### Exercise data
* * * * *

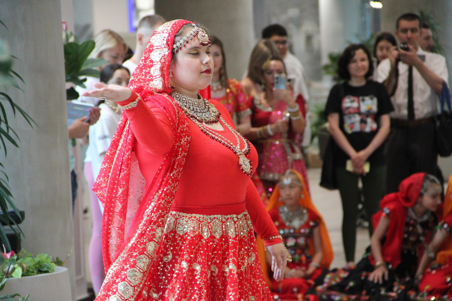Более 400 человек создали «море белого» на третьем этаже одного из торговых центров. Под руководством инструкторов хабаровчане синхронно выполняли асаны, дышали в такт и медитировали. Гвоздь программы — буквально — площадка гвоздестояния: от студентов до пенсионеров смело пробовали силы. В углу — группа новичков впервые открывает для себя позу «дерева», а бабушка в белом одеянии улыбается, балансируя на одной ноге. На втором плане — дети повторяют движения за индийскими танцовщицами. Энергия тишины среди торговых витрин — вот главное чудо дня!
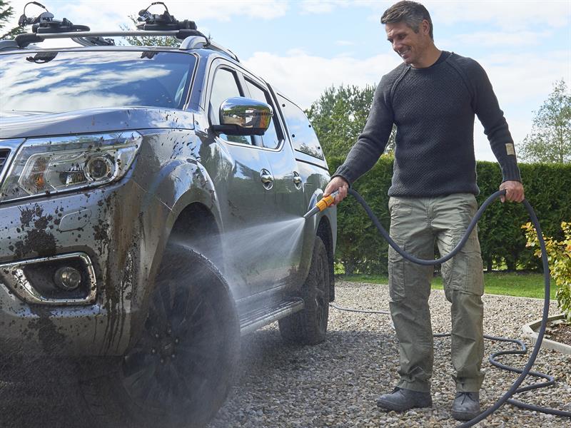 The Hozelock Tuffhoze combines traditional PVC with textile for maximum flexibility and strength. It is up to 50% lighter compared to traditional hoses, making it easier to manoeuvre.
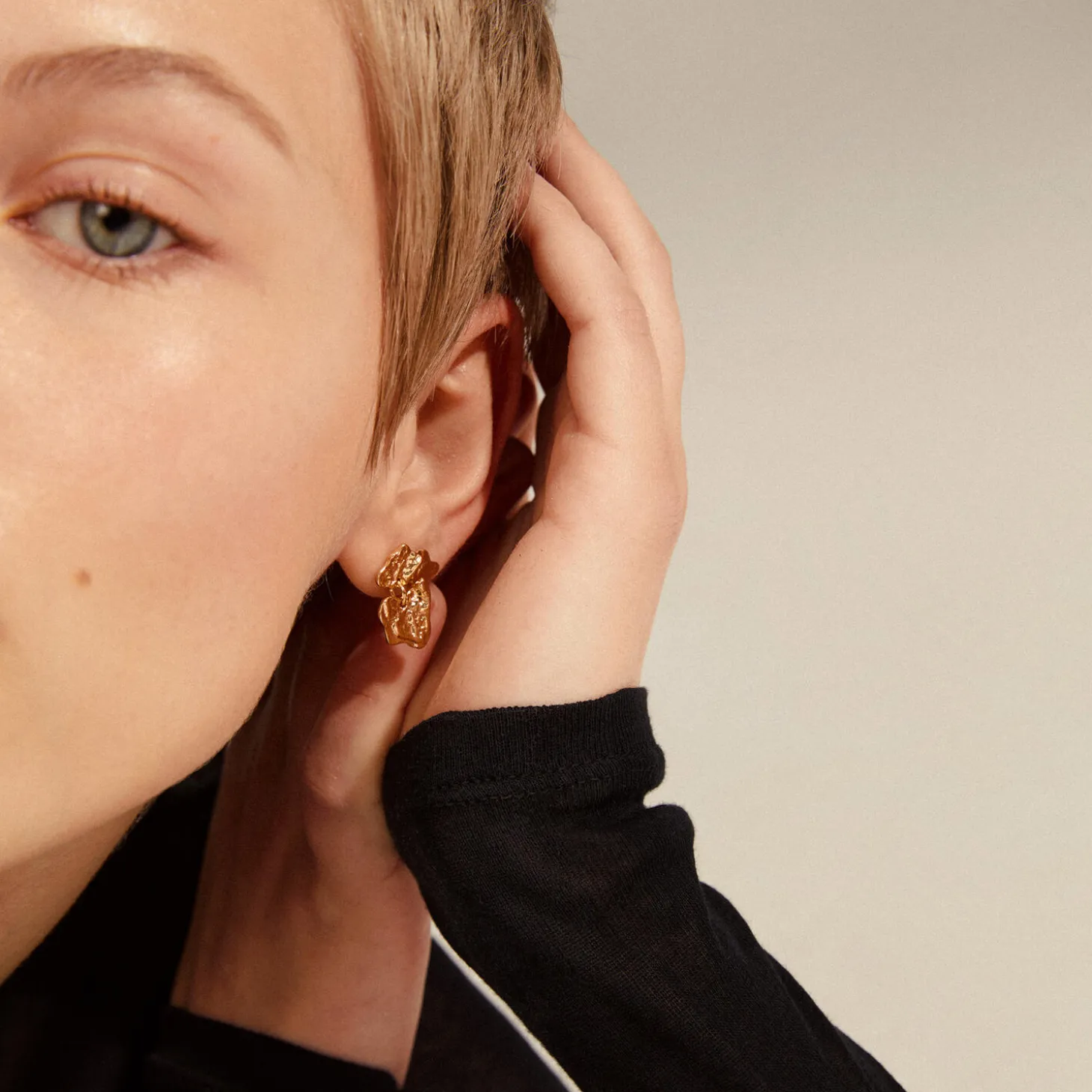 Explore endless horizons! De guldbelagte øreringe fra HORIZON-kollektionen åbner døren til uendelige muligheder. Med hele seks øreringe i sættet kan du skabe et trendy ear curation look ved at mixe og matche øreringene op langs øret. Style dem med en loose hørskjorte for et effortless og cool vibe.
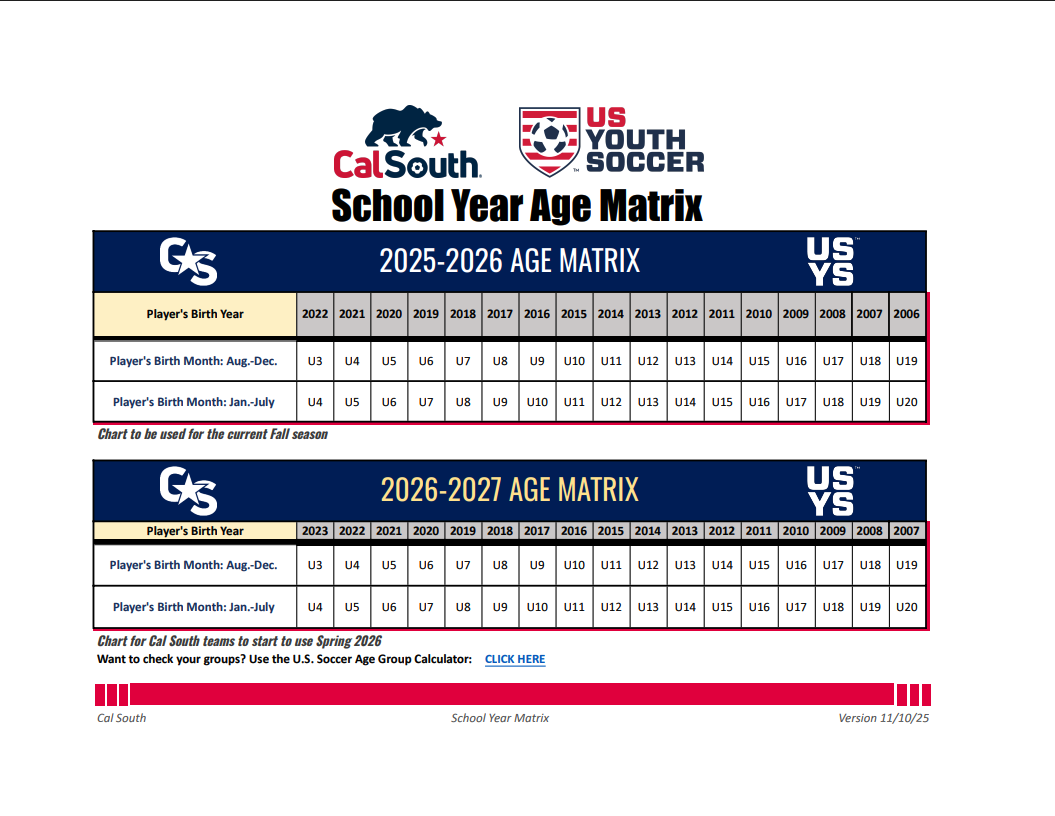 Citizen FC teams follow the US Youth Soccer School Year Age Matrix used by Cal South, grouping players by school year so teammates and classmates can develop and compete together.
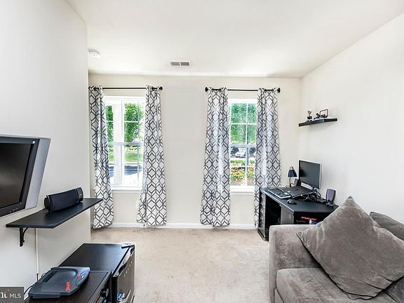 Welcome to this beautiful rarely found like new Bozzuto built brick front end unit townhome with 2 car garage. Shows like a model!Fabulous layout with main level office/den/guest bedroom with powder room and hardwood flooring in foyer.Upper level 1 features a gourmet kitchen with Island, recessed lighting, stainless steel appliances and combined dining room complete with hardwood floors. You will love how the sunlit family room with it's warm and bright atmosphere opens into the kitchen area for family gatherings. Upper level 2 is complete with it's own master ensuite with private bath featuring dual vanities as well as tiled shower and flooring. There are two additional spacious bedrooms sharing a full tub/shower tiled combo as well. Completing this amazing home is a rear deck for your summertime enjoyment. See today! This one won't last long!
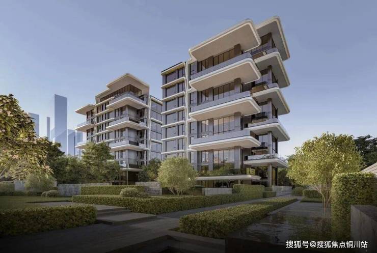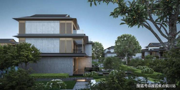 3层设计,层高3.1-3.5米,户户配备独立庭院,深灰铝板+金色金属板立面,融合宋式建筑风骨与现代质感。
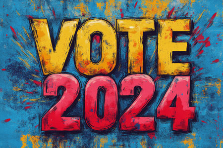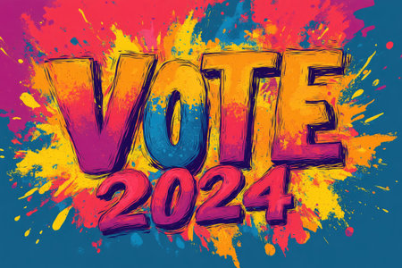Vote 2024 sign with a colorful explosion design promoting voter participation in the upcoming election
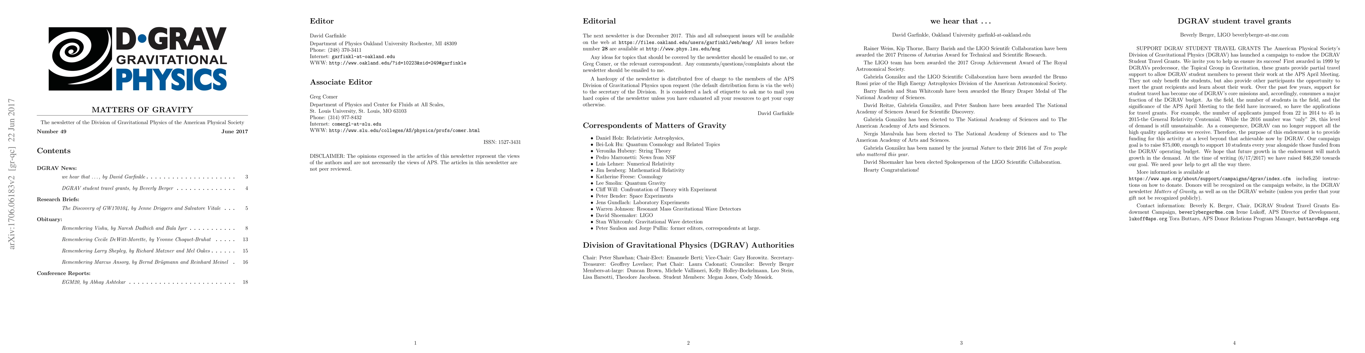 DGRAV News: We hear that .... DGRAV student travel grants Research Briefs: The Discovery of GW170104 Obituary: Remembering Vishu Remembering Cecile DeWitt-Morette Remembering Larry Shepley Remembering Marcus Ansorg Conference Reports: EGM20
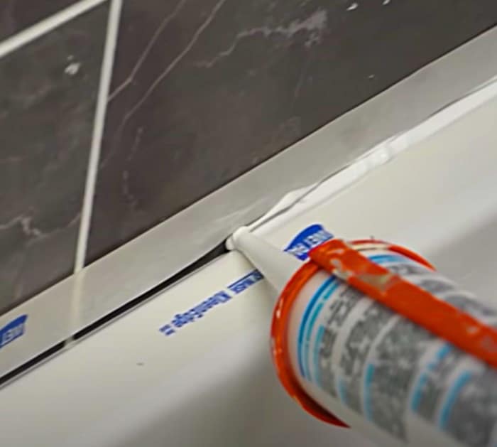 White silicone sealant being applied using a caulk gun in a bathroom shower.
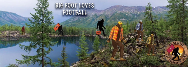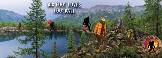 Bigfoot 12in Circle A 12" piece featuring a black Bigfoot holding a flag with your favorite team's colors and logo. The design includes a scenic sunset background, distressed wood pattern, team nam...
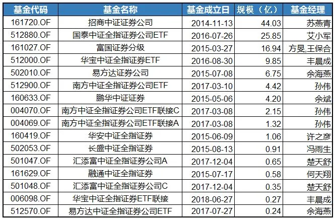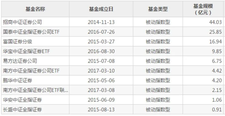 截止2019年2月25日,跟踪中证证券指数的相关基金统计。
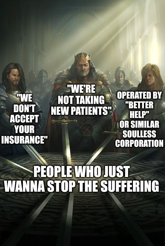 Still, thats not exactly a cure. I hope you can get the help you need 💜 like someone else said, id absolutely check with friends for any kind of recommendations, nobody (well, nobody worth a damn) will judge you, we all need some help sometimes
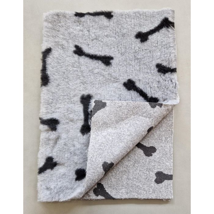 Lovely Nights vetbed bones grey. Dit vetbed heeft een grijze kleur en zwarte botjes Het vetbed is ongebiesd en is geschikt voor gebruik in benches. Gemaakt van Acryl & Polyester.   Verkrijgbaar in diverse maten. Handwas.
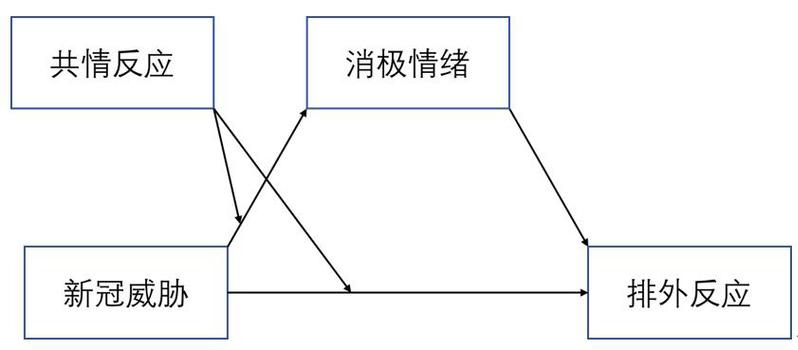 已有研究显示,共情反应可能是疾病威胁影响其潜在负面影响的一种缓冲因子。共情反应(empathic responding)是指个体试图理解他人的感受,并提供相关的支持和帮助。研究发现,共情反应可作为一种应对策略来应对疾病威胁。如有研究者报告,那些报告更多投入共情反应的个体,对潜在的SARS患者表现出更少的回避行为,并且他们也倾向采取有效的预防性措施。并且,共情反应在非典型肺炎(SARS)、西尼罗河病毒(West Nile)和甲型流感(H1N1)等多种疾病威胁背景下表现出类似的积极作用。共情反应由此被相关学者视为一种应对疾病威胁的有效策略并推荐使用。基于这些证据,本研究假设共情反应可以缓解新冠疾病威胁对排外反应的影响。本研究的理论模型见下图。
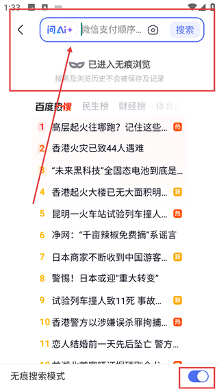 2、如果需要进入无痕浏览模式,在下方打开无痕浏览开关就可以开启了哦。
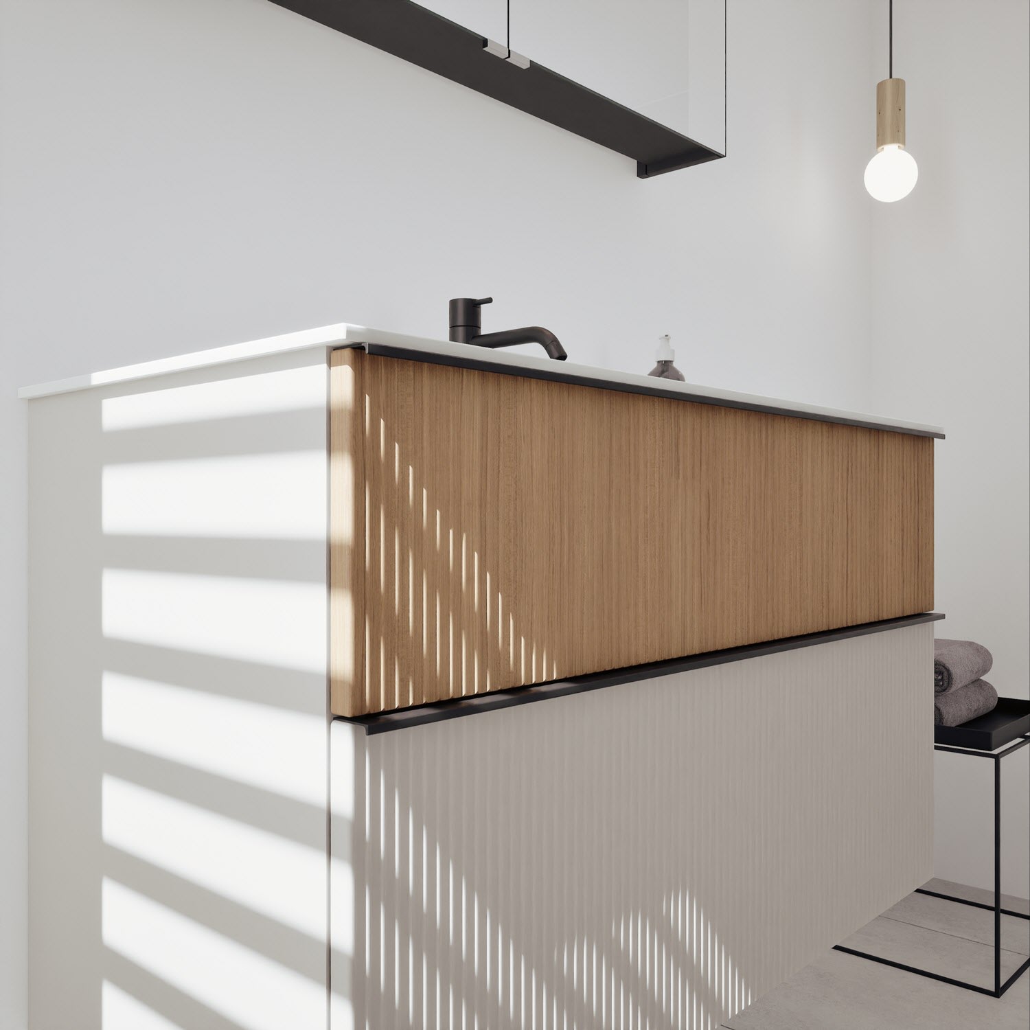 - 1 Schublade oben, 35 cm tief, mit vertikaler Struktur inkl. Siphonausschnitt und Inneneinteilung
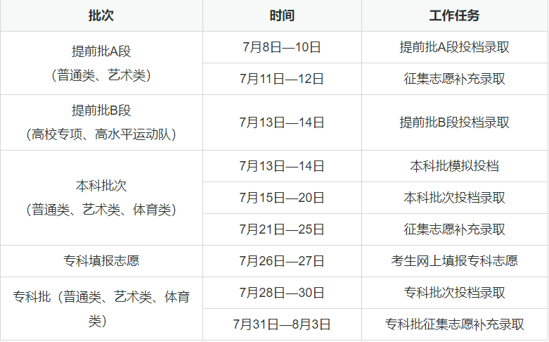 我省2025年普通高考各批次录取时间已初步确定。具体安排如下。
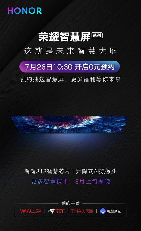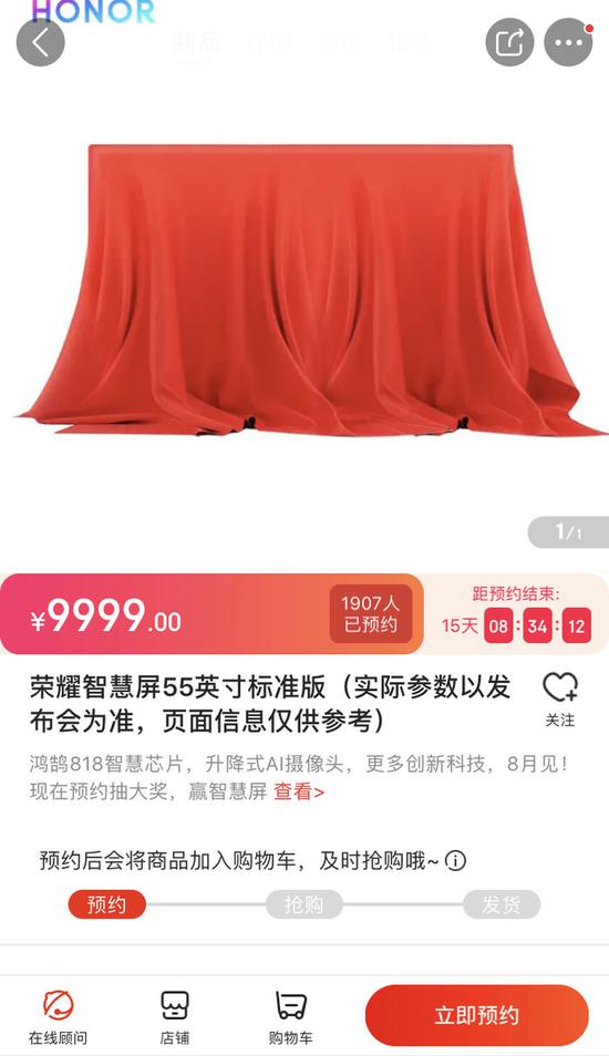 最后在大会上,赵明宣布荣耀智慧屏将会从即日起在Vmall、京东、天猫、荣耀亲选接受预约,目前已经可以打开京东页面进行预约这款名为荣耀智慧屏PRO 55英寸高配版的产品。目前预计这款产品会在8月10日在华为开发者大会HDC2019期间正式亮相。届时华为的自研鸿蒙系统将会首次在荣耀智慧屏上首发亮相,并成为鸿蒙系统全球首发的产品。而同样在今天曝光的华为系智慧屏新品类使用鸿蒙系统,预计华为智慧屏会在9月正式发布。
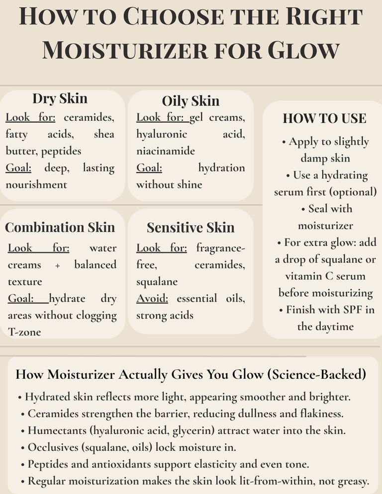 Moisturizer is the step that turns good skin into glowing skin. The right formula locks in hydration, supports your barrier, and adds instant radiance. Below, you’ll find top picks for glowing skin — plus how to choose the right one for your skin type.

* * * * *

### Exercise objective
Exact repetition required: repeat the first line of the listing above, the line containing "Citizen FC teams", and every line between, leaving out pictures.

### Solution for this exercise
Более 400 человек создали «море белого» на третьем этаже одного из торговых центров. Под руководством инструкторов хабаровчане синхронно выполняли асаны, дышали в такт и медитировали. Гвоздь программы — буквально — площадка гвоздестояния: от студентов до пенсионеров смело пробовали силы. В углу — группа новичков впервые открывает для себя позу «дерева», а бабушка в белом одеянии улыбается, балансируя на одной ноге. На втором плане — дети повторяют движения за индийскими танцовщицами. Энергия тишины среди торговых витрин — вот главное чудо дня!
 The Hozelock Tuffhoze combines traditional PVC with textile for maximum flexibility and strength. It is up to 50% lighter compared to traditional hoses, making it easier to manoeuvre.
 Explore endless horizons! De guldbelagte øreringe fra HORIZON-kollektionen åbner døren til uendelige muligheder. Med hele seks øreringe i sættet kan du skabe et trendy ear curation look ved at mixe og matche øreringene op langs øret. Style dem med en loose hørskjorte for et effortless og cool vibe.
 Citizen FC teams follow the US Youth Soccer School Year Age Matrix used by Cal South, grouping players by school year so teammates and classmates can develop and compete together.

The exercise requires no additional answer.